MCHDoc: A Comprehensive Benchmark for Reading Multi-Carrier Chinese Historical Documents
Abstract
Chinese historical documents are essential carriers for the inheritance and dissemination of traditional Chinese culture.However, traditional manual digitization of different types of historical carriers is not only time-consuming and labor-intensive but also heavily reliant on experts with specialized knowledge of the specific carrier domains.In the past,experts read the Chinese historical documents relying on the recognition of the documents and consulted a large number of professional books for citation and correction .With the emergence of Large Language Models (LLMs) and Multimodal Large Language Models (MLLMs), we see new opportunities for uniformly reading different types of carriers.
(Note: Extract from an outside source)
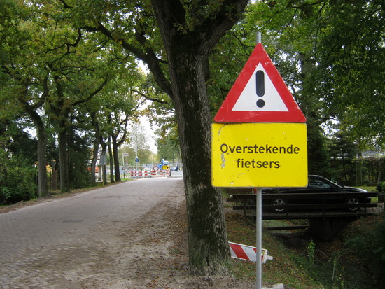 Volgend waarschuwingsbord, pas op! Overstekende fietsen! Bord bedoeld voor automobilisten, maar of die tijd hebben om de tekst te lezen en tot zich door te laten dringen?

Nevertheless, existing studies mainly focus on evaluating the OCR capabilities of MLLMs, without incorporating citation or retrieval functionalities, and are restricted to a single type of carrier.To address this,we introduce MCHDoc,a comprehensive benchmark for reading multi-carrier Chinese historical documents.This benchmark consists of 15,723 documents and covers six types of carriers, including Inscription, AncientBook, Calligraphy, Oracle Bone, Silk, and JianDu(bamboo slip).Based on this benchmark,we evaluate various MLLMs and LLMs to test their capacities of reading multi-carrier Chinese historical documents. The results reveal that the top MLLMs and LLMs achieve excellent performance on some type of carriers. but there is still some place for them to read the multi-type carriers perfectly.Overall,MCHDoc is a standardized and comprehensive benchmark for reading Chinese historical document, providing valuable insights for Chinese cultural study.